■ **THE TASK**
Look below for the line with "Redwood Hedgehogang Table" and the line with "秋葉神社近くの和菓子屋兼甘味". Copy exactly those two lines and every line between, but not the pictures.

■ **EXTRACTED ENTRIES**
- - - - - - -

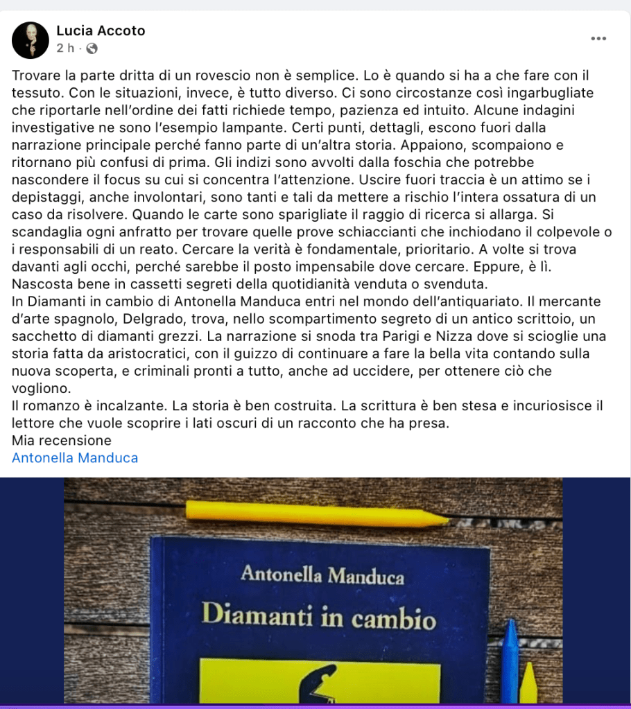 Diamanti in cambio, una recensione di Lucia Accoto, 20 marzo 2024
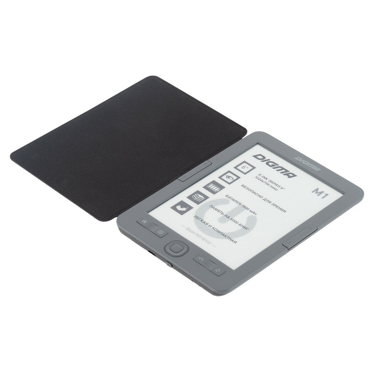10 цен на Электронная книга Digma M1 6" E-ink HD Pearl 758x1024 600MHz 128Mb/4Gb/SD/microSDHC темно-серый (в компл.:обложка)
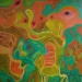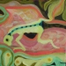 Uit serie  schepsels en organismen. Transparant organisme onder water met in het donkere deel visachtige diertjes..
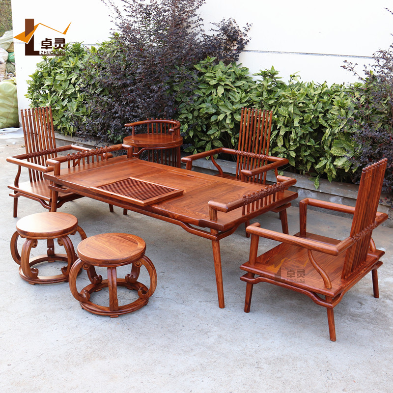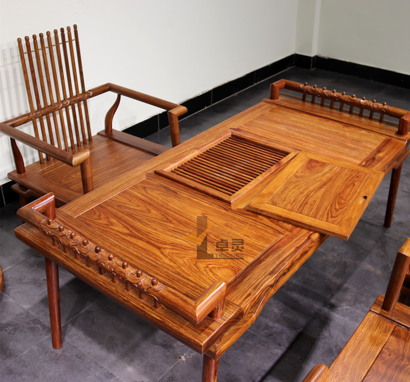 Redwood Hedgehogang Table Tea Table Chair Kyocera Flower Wood Kung Fu Tea Stand Soyuo New Chinese All-solid Wood Furniture
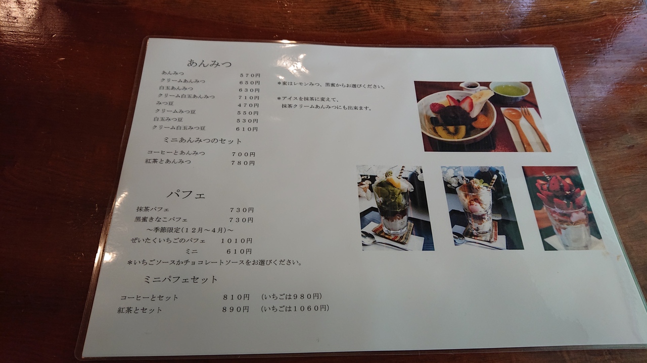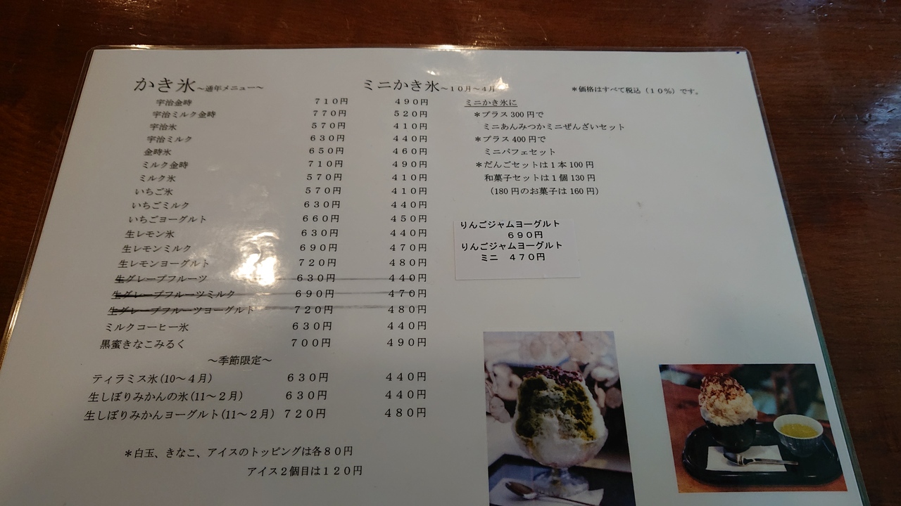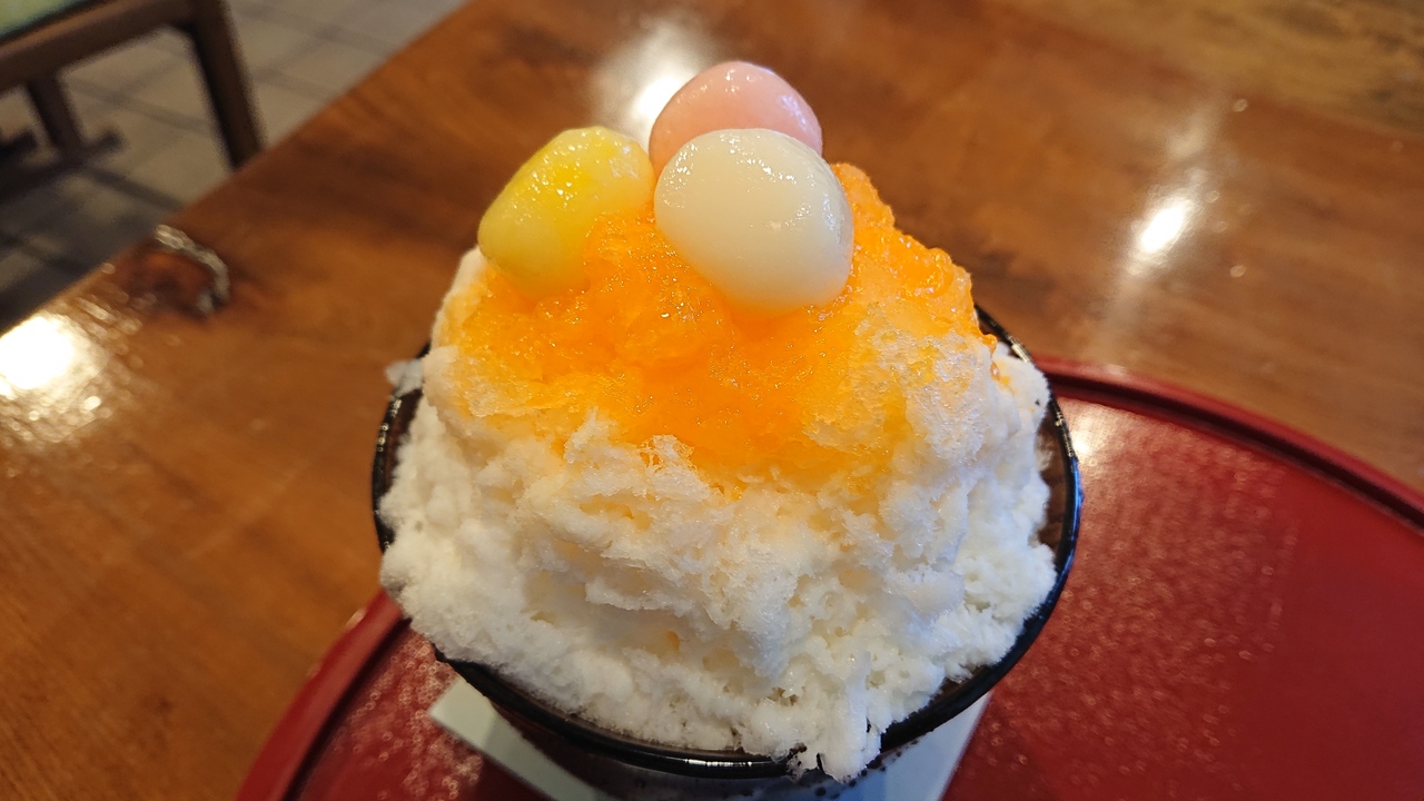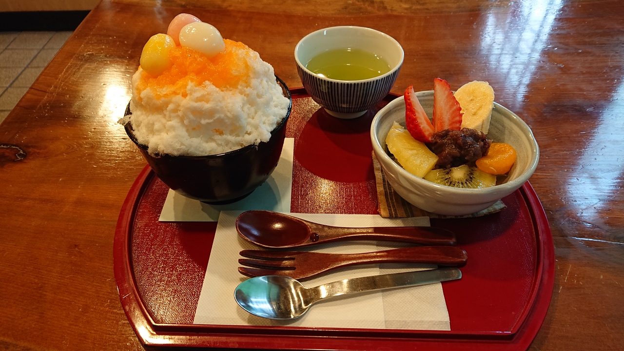 秋葉神社近くの和菓子屋兼甘味処です。今回は、季節限定のかき氷小サイズ(生しぼりみかんヨーグルト味・白玉追加)と、ミニあんみつのセット。それに加えてみたらし団子、と欲張りな注文をしました・笑
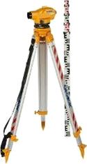Нивелиром называют прибор для определения превышений методом геометрического нивелирования с помощью визирного луча и двух вертикальных реек с делениями. На рисунке 7 представлен оптический нивелир закрепленный на штативе, а также различные виды нивелирных реек: алюминиевая телескопическая с сантиметровыми делениями, деревянная двухсторонняя с шашечными делениями, штриховая для цифрового нивелира, круглый уровень, которым снабжается нивелирная рейка.
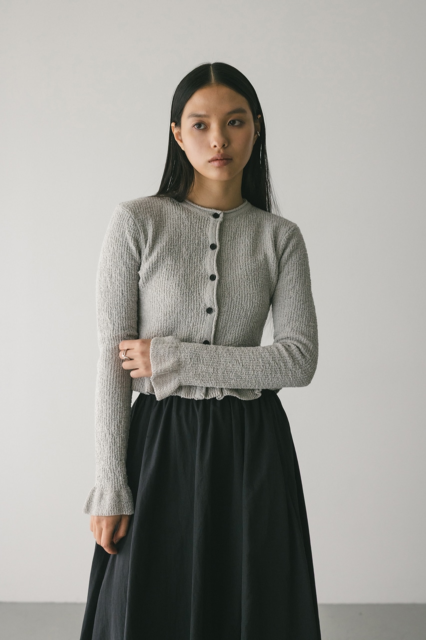 袖口と裾のフリルデザインがポイントのデザインニット。ループ糸をアムンゼンで編むことでシワになりにくく、独特な表面感に仕上げました。
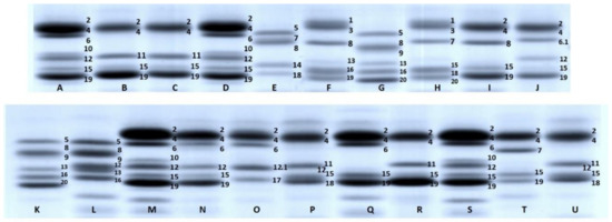 LMW-GS composition observed in a durum wheat collection of Moroccan landraces. Lanes are as follow: A, D, M and S, ‘Cocorit’ (Glu-A3 6+10, Glu-B3 2+4+15+19, Glu-B2 12); B, MGB-3091 (Glu-A3 11, Glu-B3 2+4+15+19, Glu-B2 null); C, MGB-5967 (Glu-A3 11, Glu-B3 2+4+15+19, Glu-B2 null); E, ‘Andalusia’ (Glu-A3 5, Glu-B3 7+8+14+18, Glu-B2 null); F, MGB-3152 (Glu-A3 null, Glu-B3 1+3+8+13+16+19, Glu-B2 null); G and K, ‘Fanfarron’ (Glu-A3 5+20, Glu-B3 8+9+13+16, Glu-B2 null); H, MGB-16563 (Glu-A3 20, Glu-B3 1+3+7+15+18, Glu-B2 null); I, MGB-2963 (Glu-A3 null, Glu-B3 2+4+8+15+19, Glu-B2 null); J, ‘BC’ (Glu-A3 6.1, Glu-B3 2+4+15+19, Glu-B2 12); L, MGB-3104 (Glu-A3 5, Glu-B3 8+9+13+16, Glu-B2 12); N, MGB-3083 (Glu-A3 6, Glu-B3 2+4+15+19, Glu-B2 12); O, MGB-3125 (Glu-A3 6, Glu-B3 2+4+17, Glu-B2 12.1); P and U, ‘Ardente’ (Glu-A3 11, Glu-B3 2+4+15+18, Glu-B2 12); Q, MGB-9430 (Glu-A3 6, Glu-B3 2+4+15+19, Glu-B2 null); R, MGB-3003 (Glu-A3 11, Glu-B3 2+4+15+19, Glu-B2 null); T, MGB-5963 (Glu-A3 null, Glu-B3 2+4+7+15+19, Glu-B2 null).
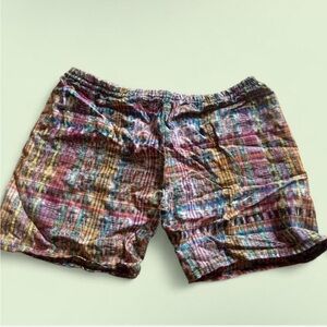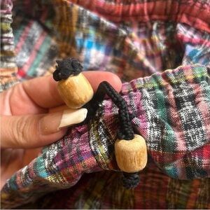 multicolored patchwork, wooden bead accents, distressed detailing, bohemian style, tribal influence, eclectic fashion, festival wear, handmade shorts, artistic design, vibrant pattern
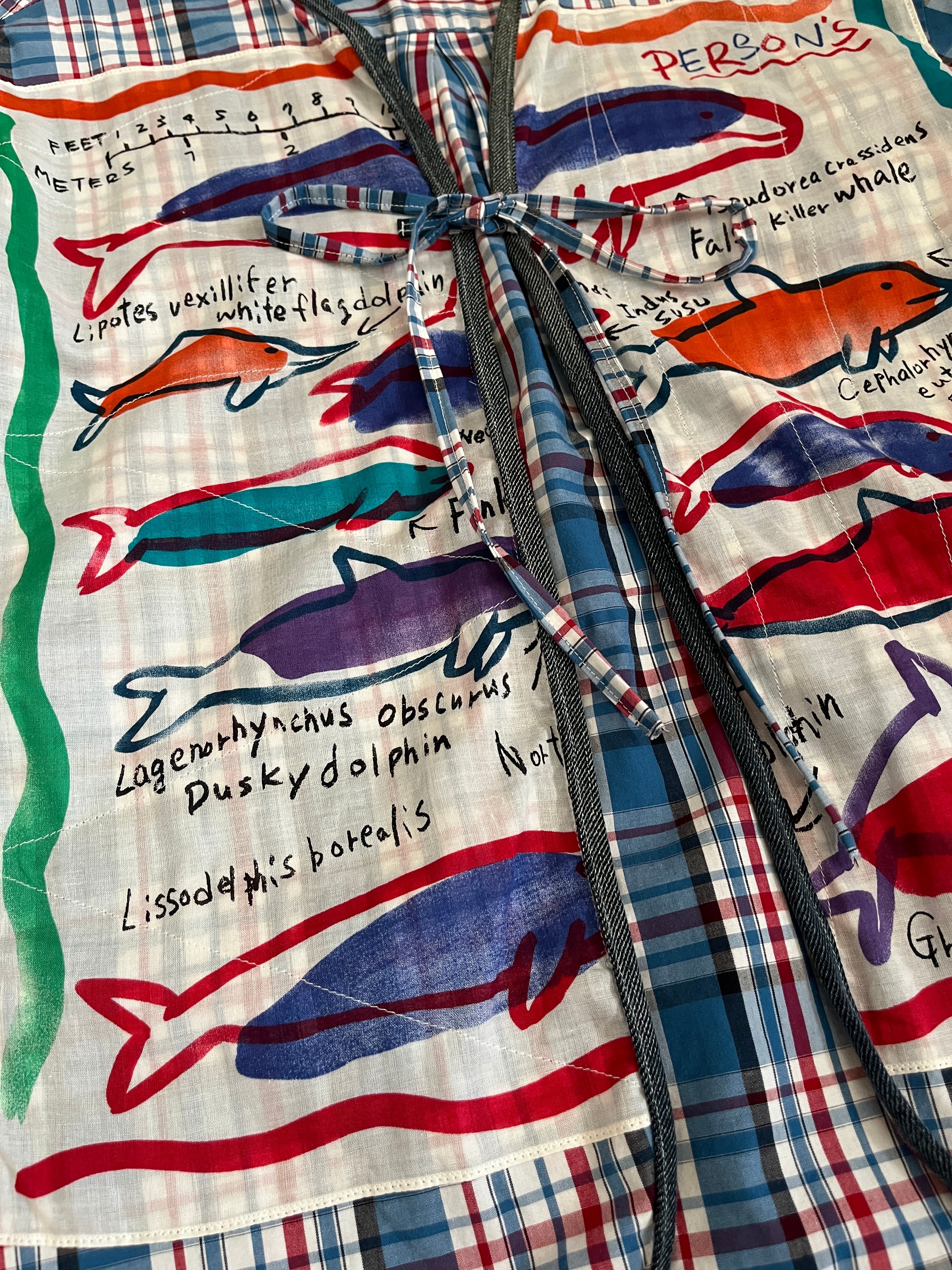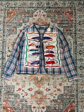 ・装飾:手彫り版画プリント、ヴィンテージハンカチパッチワーク
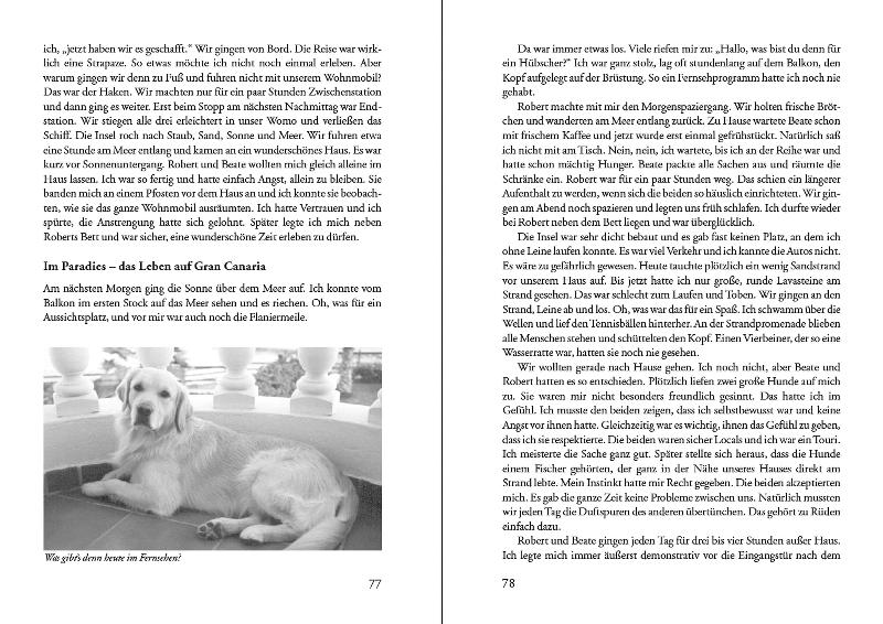 In diesem Buch schildert der Golden Retriever Ipo seine Erlebnisse über einen Zeitraum von acht Jahren. Er berichtet von seinen Ursprüngen am Strand von Hawaii. Heiter und einfühlsam beschreibt er seine Zeit als Welpe bis zum erwachsenen Goldie Rüden. In 66 Geschichten erzählt Ipo aus seinem Alltag und von unzähligen Reisen quer durch Europa. Mit vielen Bildern untermalt, schildert die Autorin die Welt aus Hundeperspektive und menschlicher Sicht. Ein schönes Beispiel für die tiefe Verbundenheit und einzigartige Partnerschaft zwischen Hund und Mensch.
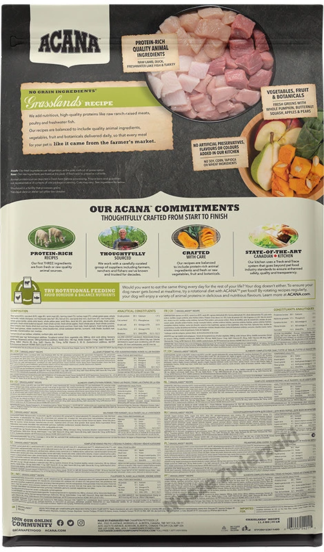 ACANA Highest Protein Grasslands to wyjątkowo odżywcza karma stworzona dla psów wszystkich ras i na każdym etapie życia – z wyjątkiem dużych ras w okresie wzrostu. Jej receptura została oparta na naturalnym modelu żywienia przodków psów i wzbogacona o wyjątkową różnorodność mięs najwyższej jakości.
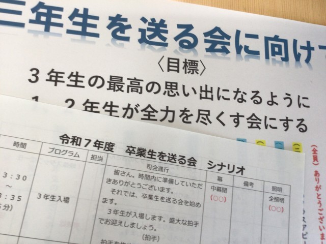 先輩達に想いよ届け!(卒業を祝う会スタッフ会) 公開日 2026/02/17 更新日 2026/02/17 各種行事 朝の決起集会に続き、先輩の下校後、卒業を祝う会スタッフ会が行われました。黙々と装飾やメッセージカードを作るスタッフや、楽しませようとアイデアを練るスタッフとさまざまでしたが、どの部屋をのぞいても感謝の思いを伝えたい雰囲気に包まれていました。想いが届く、3月3日の当日が楽しみです。 +2
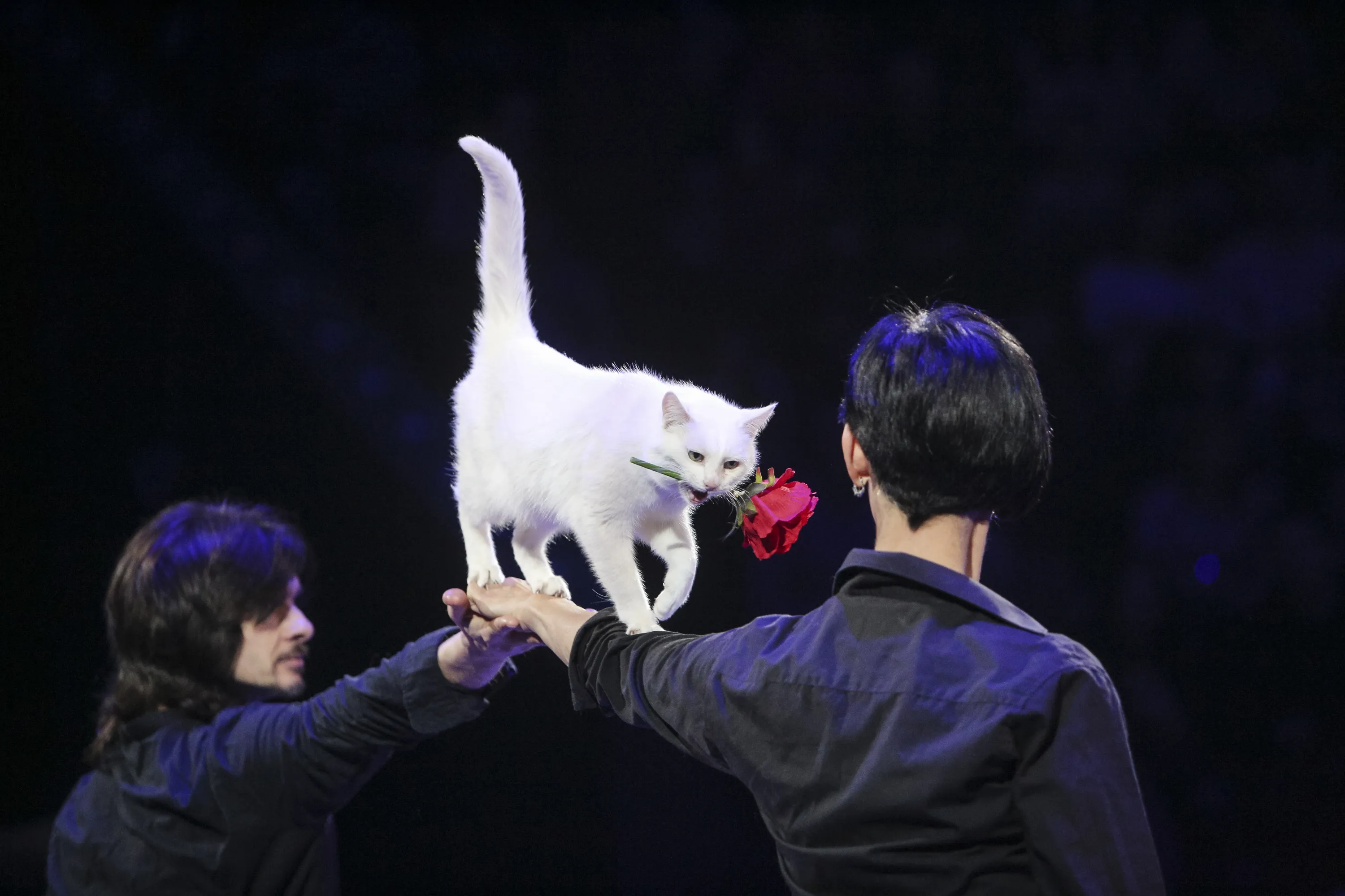 A cat and its tamers perform during the presentation of the Modern German Circus international show “Black and White, Up and Down” at the National Circus in Kyiv, Ukraine, February 1, 2019 (Photo by Sergii Kharchenko/NurPhoto via Getty Images)

- - - - - - -

■ **EXERCISE RESULT**
 Redwood Hedgehogang Table Tea Table Chair Kyocera Flower Wood Kung Fu Tea Stand Soyuo New Chinese All-solid Wood Furniture
 秋葉神社近くの和菓子屋兼甘味処です。今回は、季節限定のかき氷小サイズ(生しぼりみかんヨーグルト味・白玉追加)と、ミニあんみつのセット。それに加えてみたらし団子、と欲張りな注文をしました・笑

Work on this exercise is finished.